Iraqi national in Ohio plotted to assassinate former President George W. Bush in Texas
An Iraqi man living in Ohio accused of being an Islamic State operative plotted to smuggle assassins into the country to kill former President George W. Bush, according the U.S. Department of Justice.
Shihab Ahmed Shihab Shihab, a 51-year-old Iraqi national living in Columbus, has been charged with an immigration crime and aiding and abetting a plot to kill Bush, according court documents from the Department of Justice Southern District of Ohio. Shihab told an FBI confidential informant he actively participated in killing American soldiers in Iraq, the department said.
But when Shihab thought he was talking to people sympathetic with his cause, the FBI said in court documents, he was actually speaking to two confidential informants, referred to in court documents as CS1 and CS2.
CS1 posed as someone connected to a large smuggling network who could sneak people into the United States from overseas via the U.S.-Mexico border, according to court documents. CS2 contacted Shihab trhough a relative who drives for Uber and told Shihab that he or she wanted to smuggle a relative into the United States, later telling Shihab the relative was a wanted man in Iraq involved with the Islamic State.
Shihab is accused of traveling to Dallas in February to scout locations associated with Bush in preparation for the would-be assassination attempt. He with others in a hotel room in Columbus to look at sample firearms and law enforcement uniforms in March, according to the Justice Department.
According to an FBI affidavit obtained by the Star-Telegram, Shihab said he wanted to assassinate Bush because he held the former president responsible for deaths in Iraq and the breaking up of the country after the U.S. military invasion in 2003.
According to Forbes, the FBI said the plot was uncovered through surveillance of Shihab’s WhatsApp, an encrypted messaging app owned by Facebook parent organization Meta, and the work of two confidential informants.
Forbes said the case shows that federal investigators have continued to monitor actions by the Islamic State, also known as ISIS, ISIL and Daesh, “even as the group has been severely weakened by American intelligence and military operations in recent years.”
Shihab entered the U.S. in September 2020 on a visitor visa and filed a claim for asylum with U.S. citizenship in March 2021, according to the Justice Department. He has lived in Columbus and Indianapolis, where he worked at markets and restaurants.
Shihab is also accused of arranging to smuggle someone he thought to be an Iraqi national into the United States for a fee of $40,000, according to the Justice Department. He accepted tens of thousands of dollars in October and December of 2021 as payment for the smuggling.

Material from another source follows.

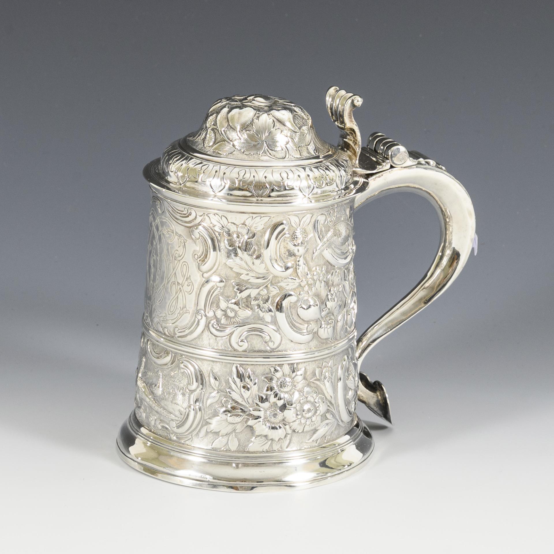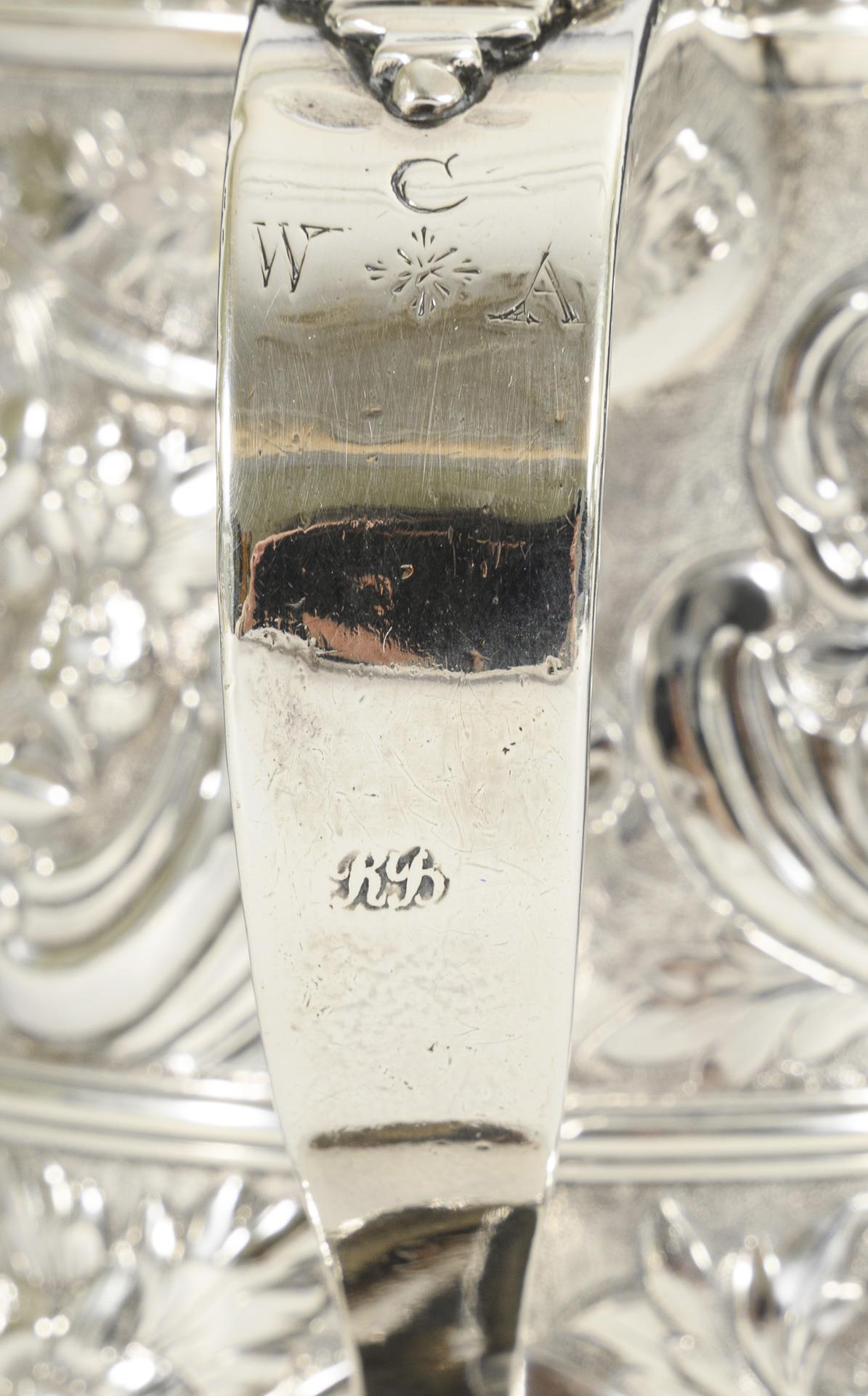 Silberkrug mit Blüten- und Rocaillenreliefs, schauseitiger Monogrammgravur und leicht gewölbtem Scharnierdeckel. Fußrand mit einer Delle, Haarriss am oberen Henkelansatz, innen 2 äußerlich kaum sichtbare, kleine Reparaturspuren.

Shihab could spend up to 10 years in prison if he is found guilty of attempting to illegally bring an individual into the United States, a federal crime. Also a federal crime, aiding and abetting the attempted murder of a former United States official has a maximum sentence of 20 years in prison, if convicted, according to the Justice Department.
‘Aided the resistance’
Shihab told one of the confidential informants for the FBI, identified in court documents as CS1, that he’d “aided the resistance, with killing many Americans in Iraq between 2003 and 2006.” FBI Special Agent John Ypsilatis said in the affidavit in support of the charges said he believed the “resistance” to which Shihab referred was Al-Qaeda or the Islamic State.
Shihab told CS1 that he transported vehicles and weapons from Syria to Iraq to supply “the resistance” and that the vehicles were “routinely packed with explosives and placed on both sides of various roads throughout Iraq,” according to the affidavit. When Americans would travel those roads, Shihab said the vehicles would be detonated to kill American soldiers.
When talking with CS1 about his plans to smuggle in assassins to target Bush, he said he wanted to do it because he felt Bush was responsible for killing many Iraqis during what Ypsilatis said he believed to be “Operation Iraqi Freedom.”